Патефона у нас по бедности не было. Я видела и слушала его в гостях . Он шипел и начинал завывать всё ниже и ниже, когда кончался завод. Как-то папа принёс домой ящик с вращающимся диском, подключил его к приёмнику, поставил на диск патефонную пластинку, и из динамика послышалась музыка. Пели двое.

Он: - Ах, как я люблю гусят!
Она: - А я люблю ягнят!
Он: - Как они кричат «Га-га-га»!
Она: - Как они мычат «Бэ-э-э»!

А на другой стороне пластинки какая-то тётя мечтательно вспоминала: - Какой обед нам подавали!.. Потом она так долго хохотала по нотам, что у меня перехватывало дыхание. Как вы понимаете, это было ещё большее чудо: проигрыватель! Его не надо заводить, и он гораздо меньше шипит! Пластинок у нас было мало, запомнилось «Саша, ты помнишь наши встречи?..» и «Утомлённое солнце нежно с морем прощалось». Это было так легко себе представить: и наш Приморский парк, нет, бульвар, и наше море, в которое всегда садилось солнце. Но вскоре папа унёс проигрыватель, оказывается, он был не наш, а я-то обрадовалась… Но песни унести уже нельзя, и радио тоже осталось навсегда!

Последнее довоенное лето. Так шло моё довоенное детство. Я подрастала, как-то незаметно научилась читать. Уже прочитаны «Телефон», «Бармалей» и «Федорино горе» Чуковского, пролиты слёзы над «Дюймовочкой» и озадачивает Тянитолкай. Я прислушивалась к разговорам взрослых, но не всё понимала. Радовалась, что вернулись дядя Женя и его жена тётя Рива, но не знала – откуда. Грустила, что куда-то уехал папа и не приносит мне блокнотиков. Впрочем, папа скоро вернулся и тихо рассказывал маме, что его и других мужчин быстро погрузили в эшелон, дали винтовки и повезли на войну, но война кончилась и стрелять не пришлось, только при разгрузке один боец напоролся на штык другого, который бежал по сходням сзади.
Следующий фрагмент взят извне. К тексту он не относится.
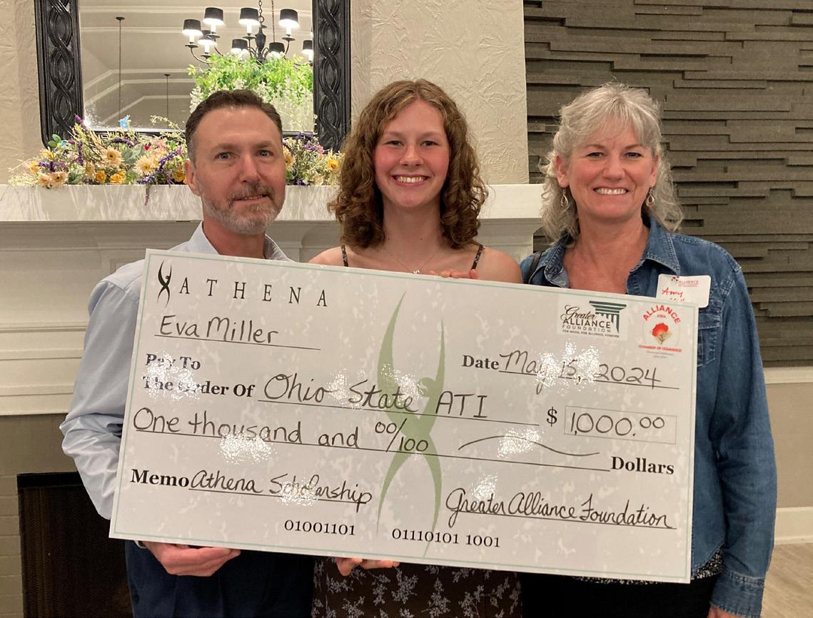 Congratulations to Alliance High School senior Eva Miller for receiving the Athena Scholarship! The $1,000 award was presented to her at the Chamber of Commerce annual meeting at the Alliance Country Club on May 15, 2024.
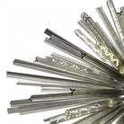 The Syrah collection presents an intriguing glass shape moulded into a three dimensional triquetra. The grooves along each sized glass create an appealing optical effect which is effortlessly enhanced with the use of tubular lamps. The wide variety of fixtures available in this range span from a 6 light semi flush to an impacting 32 light pendant. The complementing wall lamps available allow for further application built around the same lighting family. Each frame can be chosen with either a brown oxide, polished nickel or matt black frame with either clear, champagne gold or smoke glass.
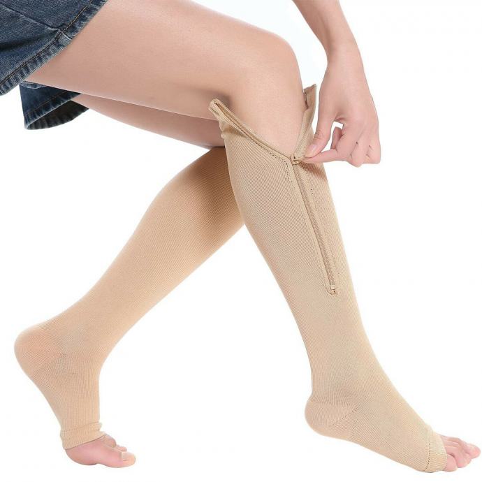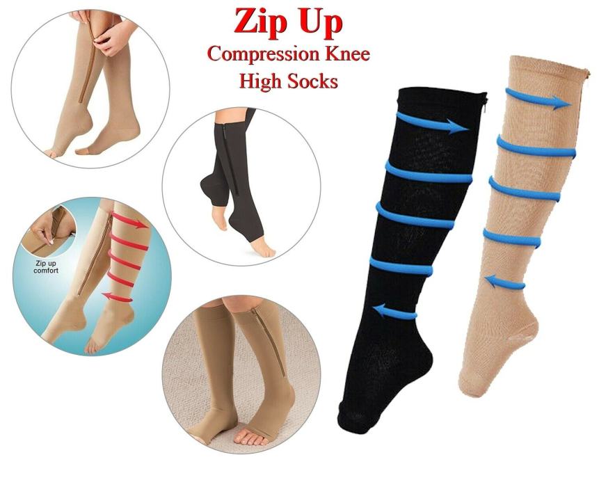 KOMPRESIJSKE KOMPRESIVNE ČARAPE DOKOLJENKE DOKOLJENICE NOGAVICE ZATVARAČ PRSTI VENE ZIP-UP DO 4XL
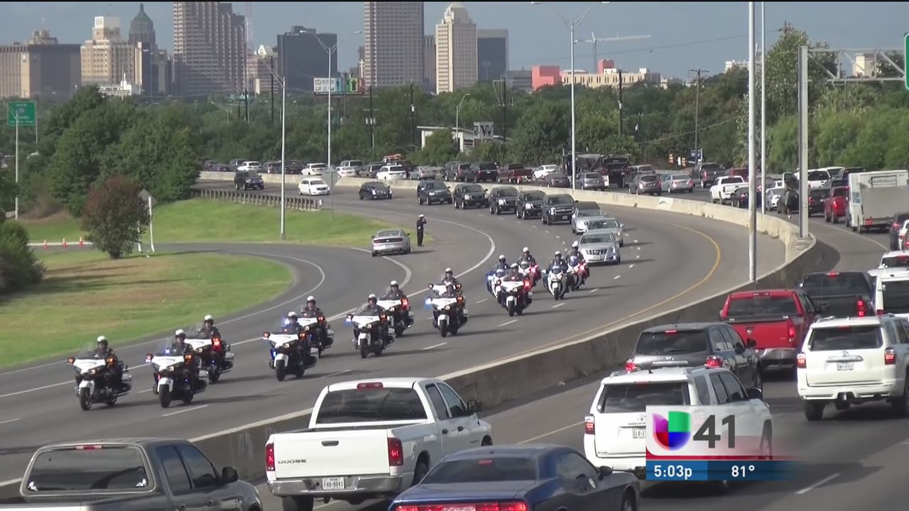 Cientos de conductores y peatones despidieron con honor la procesión que inició desde el Alamodome y recorrió la ciudad por la carretera 281.
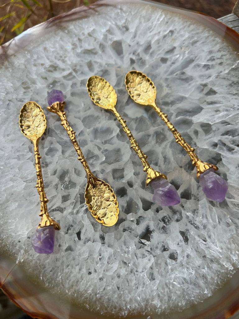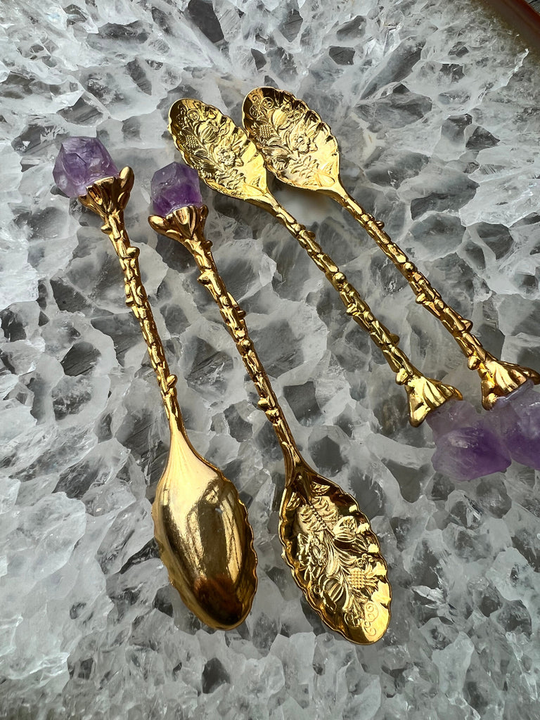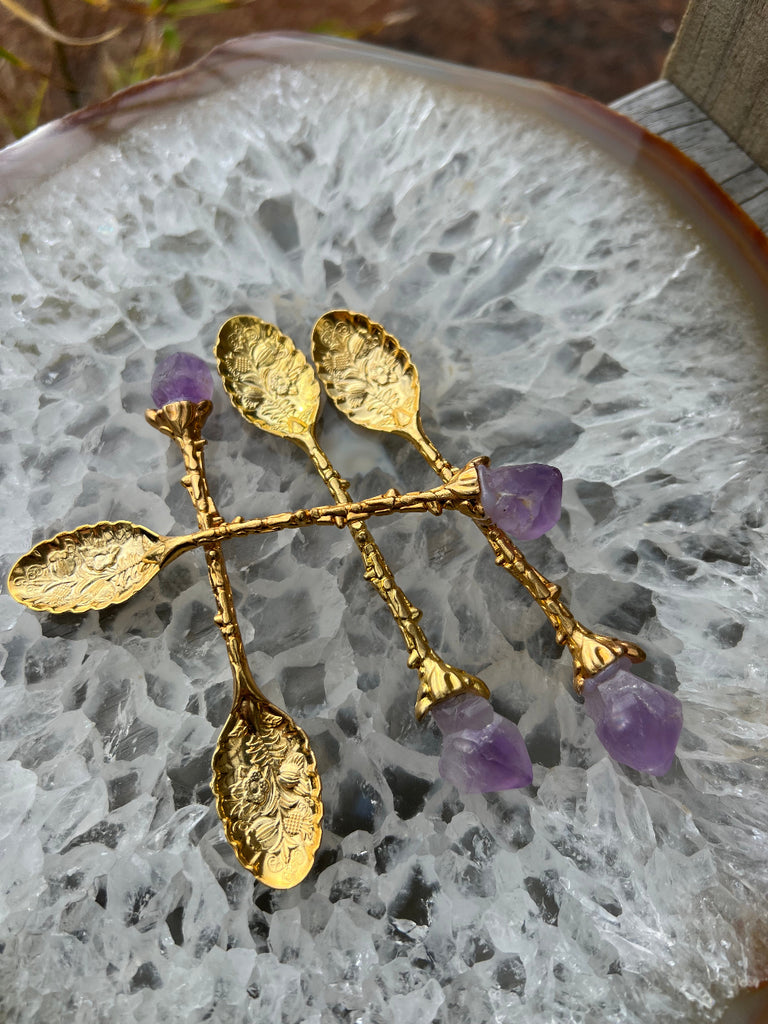 Amethyst Flower Spoon | Gold

Наверное, это была финская кампания зимой 1939-40 годов.

Удивительно, но море в те, совсем детские годы мне почти не запомнилось, хотя фотография, сделанная где-то в Отраде летом 1940 года, свидетельствует, что взрослые брали меня на море. Помню только, что, собираясь к морю, мама и бабушка всегда брали с собой шерстяные вещи, мужские брюки, чтобы постирать их в морской воде. Вижу эти брюки, расстеленные на песке для просушки.

В марте 1940 года мама куда-то уходит на несколько дней и возвращается с маленькой сестричкой Ирочкой. Регина Косуркина уже просветила меня, что детей достают из живота у мам, поэтому я боязливо поглядываю на мамин живот, предполагая там жуткий разрез. Но мама весёлая, и я забываю про эти ужасы. У Ирочки чёрные-пречёрные глазки и толстые щёчки, торчащие из-под туго завязанного белого платочка. Её так туго забинтовывают свивальником, что она похожа на столбик (говорили, что, если не свивать, то ноги будут кривые). Голос у неё оказался неожиданно низкий, басовитый, она не плакала, а гудела.

Летом папа решил отправить нас с мамой в деревню к своему старшему брату Ивану. Вокзал показался мне фантастическим местом, где поезд стоит, а мимо него рядом с дверями едет перрон. Эта иллюзия так крепко засела в меня, что долго потом снилась. Так я впервые рассталась с Одессой, но в этот раз ненадолго.